The Best We Could Do: an Illustrated Memoir by Thi Bui

“The Best We Could Do” by Thi Bui is a poignant, heart-rendering graphic novel about a Vietnamese family’s history and struggle emigrating from Vietnam to the United States during the Vietnam War. The story is set in current times with reflections and flashbacks referencing the author and her parents’ journey of war and struggle in leaving their home-country of Vietnam. The book references the wars and trials of the Vietnamese people before and during the Vietnam War but brings a specifically personal account of Thi Bui and her families journey, highlighting her family’s success and trials of making it out alive with their children only to then come to a new country to find new struggles as refugees or émigrés (which is an emigrant, but more fully defined as “a person who emigrates for political reasons”) learning a new language, culture, political system, and a whole new way of life in the United States.

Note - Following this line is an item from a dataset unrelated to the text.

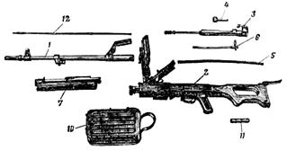 1 – ствол; 2 – ствольная коробка с крышкой, основанием приемника и прикладом; 3 – затворная рама с извлекателем и газовым поршнем; 4 – затвор; 5 – возвратно-боевая пружина; 6 – направляющий стержень; 7 – трубка газового поршня с сошкой; 10 – коробка с патронной лентой; 11 – принадлежность; 12 – шомпол.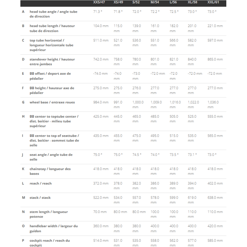 Remarque : les caractéristiques du vélo sont susceptibles d’être modifiées sans préavis.

“The Best We Could Do” is a graphic memoir, well written and painstakingly descriptive that will leave the reader haunted by the beautiful drawings and horrible atrocities of war. As it is a comic book, it is a super quick read that will leave the reader with a greater understanding of life and struggles of refugees and survivors of war as well as their immigrant struggles in living in a new country having survived. The memoir comes full circle by beginning and ending with life… “The struggle to bring life into this world is rewarded by [the cry of a baby]. It is a single minded effort uncluttered and clear in it’s objective. What follows afterward- that is, the rest of the child’s life – is another story.” And thus ends with the author having hope for her newly born child and the life they will live.